Верховный пилотаж - Ширянов Баян. Страница 4

– Да он еще и танцует! – Воскликнула Верка Апофеоззз, разглядев того мужика, на которого глазели Семарь-Здрахарь и Седайко Стюмчек.

– Целое представление разыгрывает. – С видом знатока вуайеристов сказал Седайко Стюмчек.

– Интересно, а что он дальше делать будет? – Поинтересовался Семарь-Здрахарь.

– Наверняка стриптиз. – Мечтательно произнесла Верка Апофеоззз. Она придвинула к окну табуретку, взяла веер и так, с комфортом, приготовилась созерцать обнажение мужика в окне.

– Э! Да он же спиной к нам стоит! – Сообразил вдруг Семарь-Здрахарь.

– Точно. То-то я смотрю, какой-то шибко большой он. – Закивал Седайко Стюмчек.

– Да это же кукла такая… А он – кукловод.
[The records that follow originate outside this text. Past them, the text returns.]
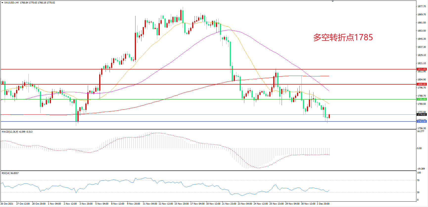 周四(12月2日),在美联储主席鲍威尔释放鹰派的信号后,市场担心美联储在加快缩减购债之外,还有可能提前加息,投资者谨慎的态度导致金价持续承压,现货黄金跌逾1%后,收报1768.34美元/盎司。今晚市场将迎来最重磅的非农就业数据,如果非农数据表现惊艳,可能导致金价进一步下行。
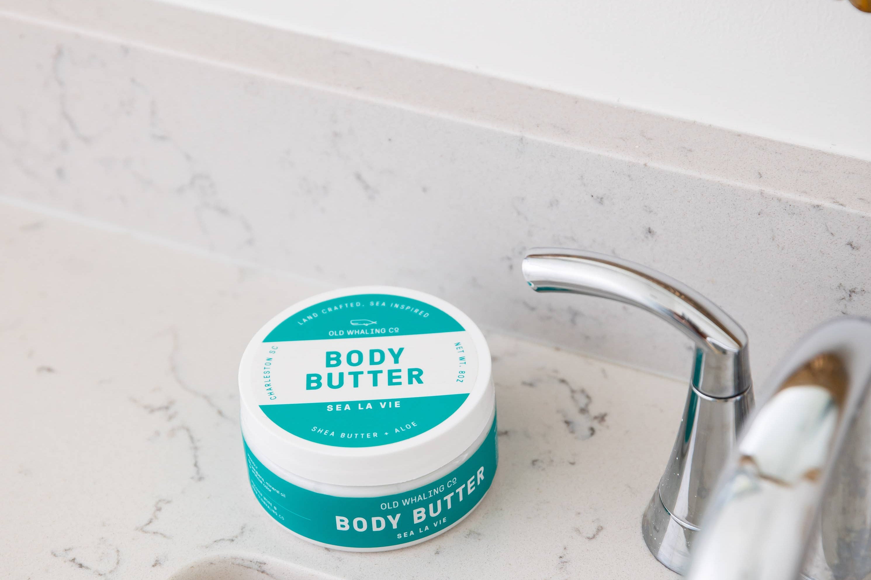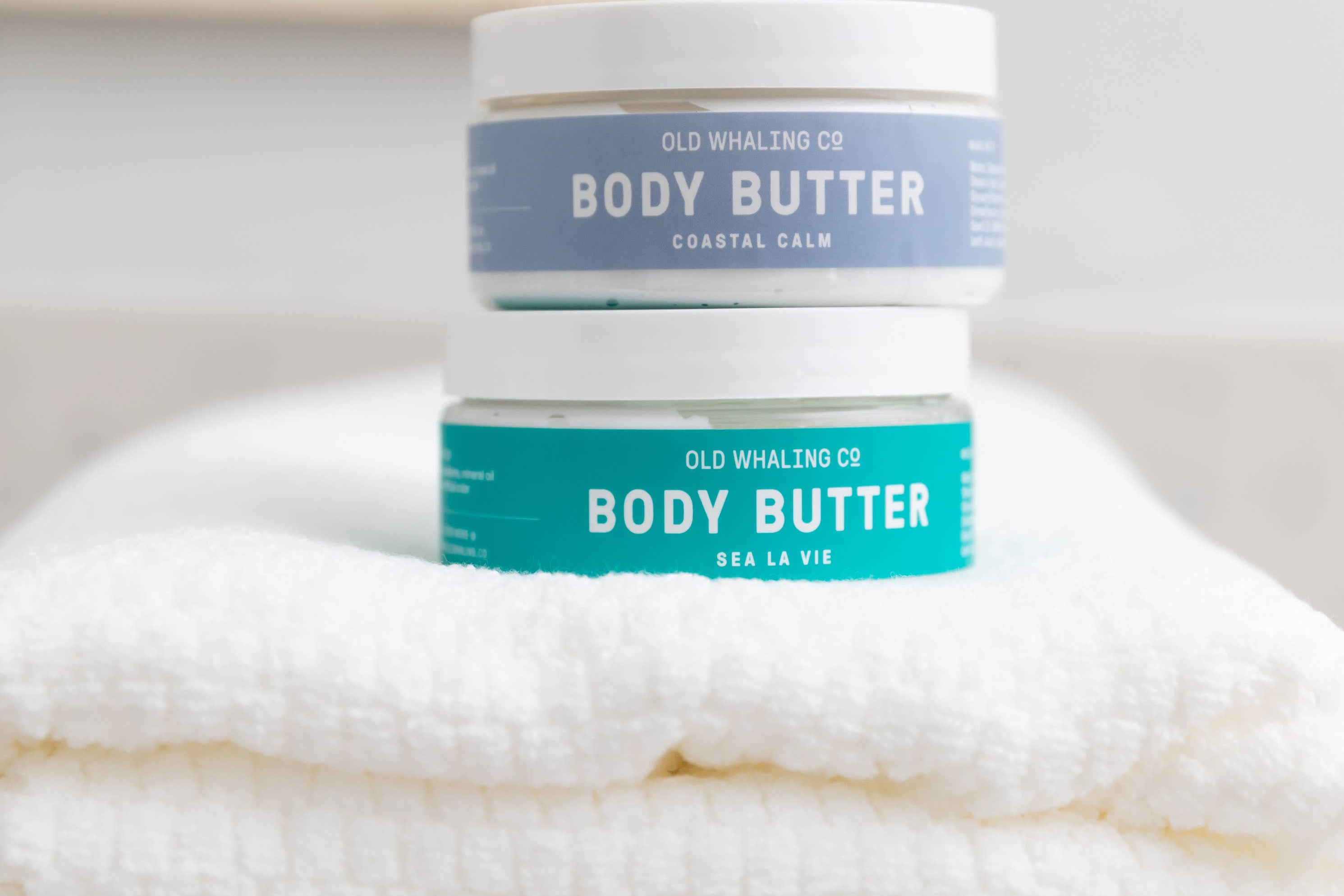 Old Whaling Company’s body butter is a rich, fast-absorbing moisturizer perfect after a shower, shaving, sun exposure, or anytime your skin needs hydration. Made with shea butter, organic sunflower oil, and organic aloe vera, it nourishes and softens all skin types. Thicker than traditional lotion, it provides extra moisture and long-lasting softness.
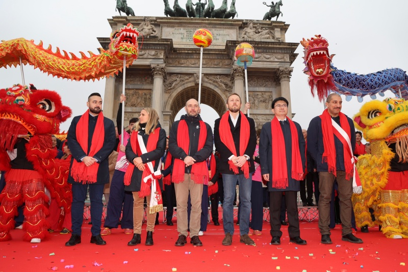人民网罗马3月2日电(记者谢亚宏)当地时间3月1日,意大利米兰地标建筑和平门广场锣鼓喧天,彩旗飘扬,由米兰侨界联合主办的“喜迎新春·舞龙舞狮”大联欢活动在此盛大举行。约5万名中意各界友好人士、旅意侨胞
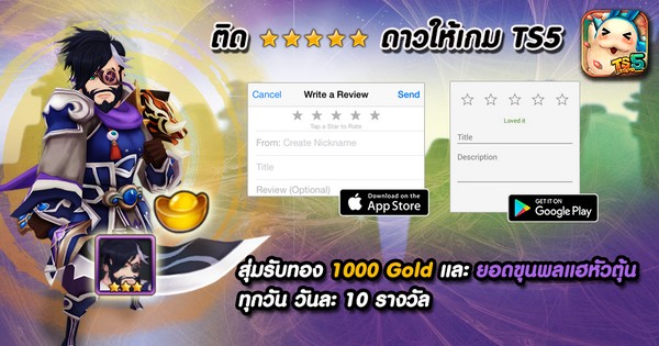 เกมส์ใหม่ TS5 Legend Mobile เปิดให้บริการแล้ววันนี้ 15 มีนาคม 2560 เวลา 15.00 น. พร้อมทั้ง 2 Store ทั้ง Android และ iOS รวมไปถึง PC ที่สามารถ Download ได้ทางหน้าเว็บไซด์ http://ts5.in.th/home/home แล้วมาร่วมมันส์ไปกับขุนพลในตำนานของ TS5กันเลย
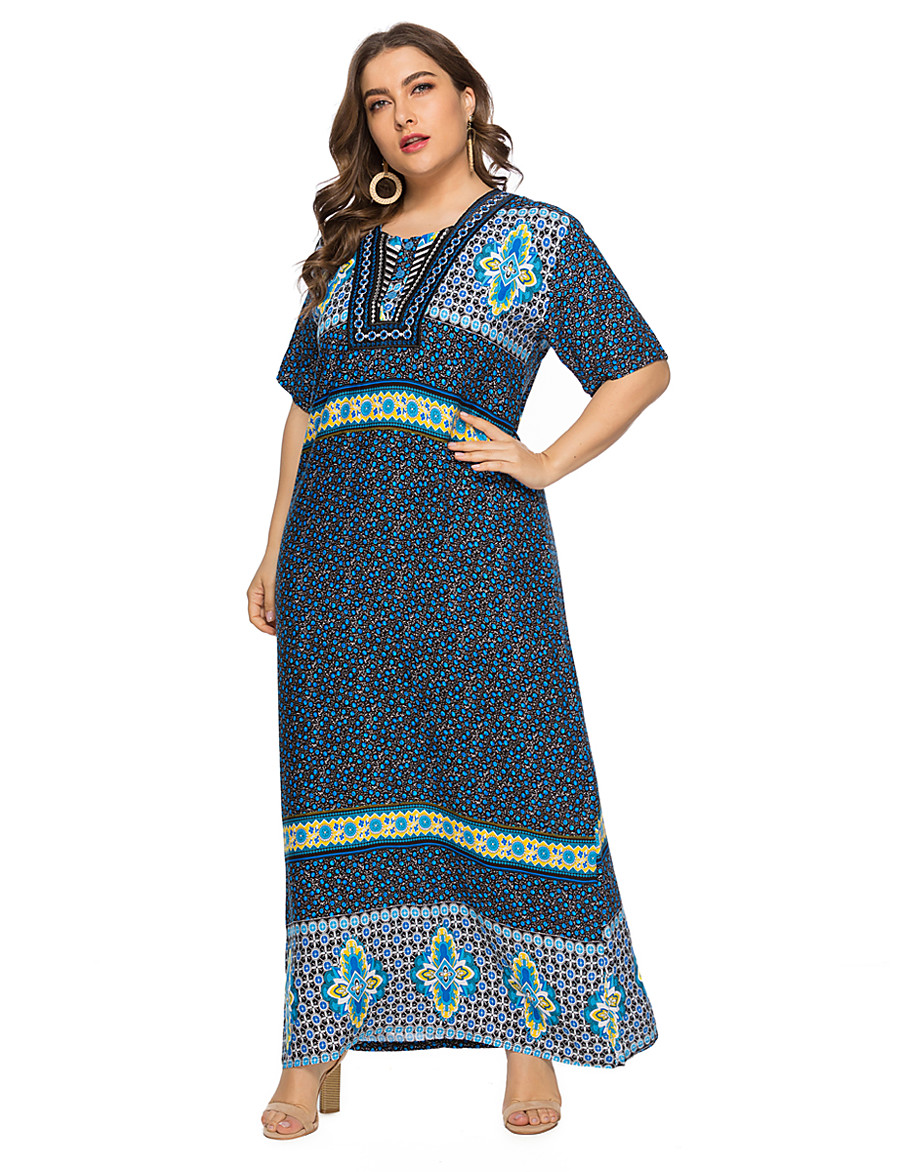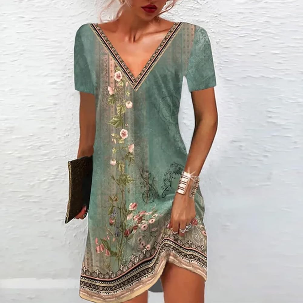👗 Style bohème : Coupe midi, manches courtes, col en V — flatteur et facile à porter. Le tissu est fin et fluide — il bouge bien et ne gratte pas.
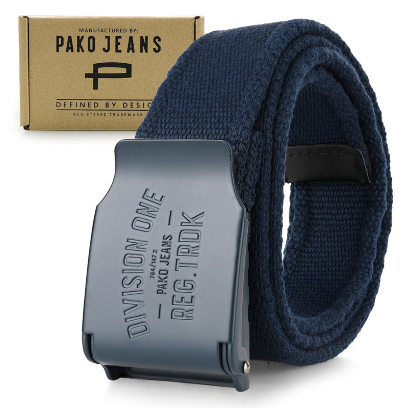 Pasek męski PREMIUM SOLIDNY granatowy parciany Pako Jeans

Внутри сидит. – Добавили Верка Апофеоззз.

И все согласились.

Перформанс длился всю ночь.

А утром случилось страшное.

Люстру, под которой происходило представление, вдруг свернули и унесли. Это оказалась висевшая на веревке рубашка. Фартук с сиськами преобразовался в висевшую на стене полуоткрытый шкафчик с посудой. А панталоны стали занавесками.

А вуайерист – исчез. Сгинул, будто его никогда и не было!

16. Аборты и винт.

(Весь из себя Дон-Жуан. Ебал кучи бабов. Те иногда залетали. Делал аборты сильной передозой себе и ей. Чувствовал, как руками чистит внутренности матки.)

64.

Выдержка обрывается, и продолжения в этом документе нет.